Reuters / Kim Kyung Hoon
- T-Mobile and Sprint officially announced a merger on Sunday, with the combined company valued at $146 billion.
- The agreed-upon transaction comes after years of on-again, off-again negotiations.
- Sprint parent company SoftBank was the major hold-up during talks held in late 2017, and the capitulation of chief executive officer Masayoshi Son was seen as instrumental in getting a deal done.
- By waiting, SoftBank wound up getting a worse deal than it would've back in 2017 - over $4 billion worse at current valuations.
When T-Mobile and Sprint finally agreed to a blockbuster $146 billion merger over the weekend, it marked the end of a years-long courtship and the culmination of countless hours of negotiation.
But it could've been a much better deal for Sprint parent company SoftBank, if only the Japanese telecom giant had been less stubborn during talks back in October. Back then, discussions broke down amid disagreement over who would hold the largest stake in the new company, the Wall Street Journal reported at the time.
The sticking point was SoftBank chief executive officer Masayoshi Son, who staunchly insisted that his firm retain control of Sprint. At the time, he even went as far as to celebrate the deal's collapse.
Son has since capitulated, with a new WSJ report suggesting he may have been coaxed to give up control amid mounting pressure on Sprint to roll out 5G technology.
But the damage has already been done. If a deal with the same terms had been approved back in October, Sprint shareholders would've held 30% of the new entity, compared to just 27% now. When applied to the $146 billion combined value, that's a difference of $4.4 billion.
On a percentage basis, it comes out to a 10% difference when you consider that since talks were broken off last year, Sprint has fallen 7%, and T-Mobile has climbed 3%.
Business Insider / Joe Ciolli, data from Bloomberg
As if SoftBank's costly stubbornness isn't enough of an overhang, the merger also faces a tough slog as it seeks approval from antitrust regulators. After all, AT&T's attempted mega-acquisition of Time Warner has already been put through the wringer by the Trump administration.

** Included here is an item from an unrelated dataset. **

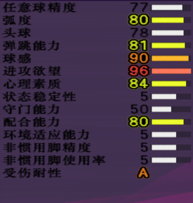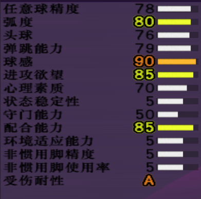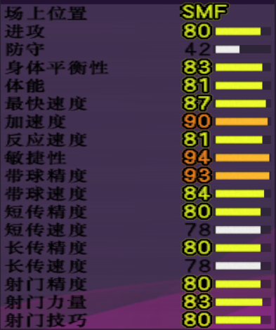 【游戏里重要数据】:进攻80,平衡83,体能81,最快速度87,加速度90,敏捷94,带球精度93,长传精度80,射门精度80,力量83,球感90。年龄19,成长系统下大步前进。

It's clear that investors are worried, with Sprint's stock plummeting more than 10% in the pre-market on Monday, the first day of trading after the deal was agreed upon. The deep losses are uncharacteristic of a takeover target, considering they normally rise following an announcement.
The biggest hurdle for Sprint and T-Mobile from a regulatory perspective will be convincing the US Justice Department (DOJ) that their merger won't be a detriment to competition in the industry. That could be a tall task considering a proposed combination between the two firms was already rejected by the DOJ back in 2014.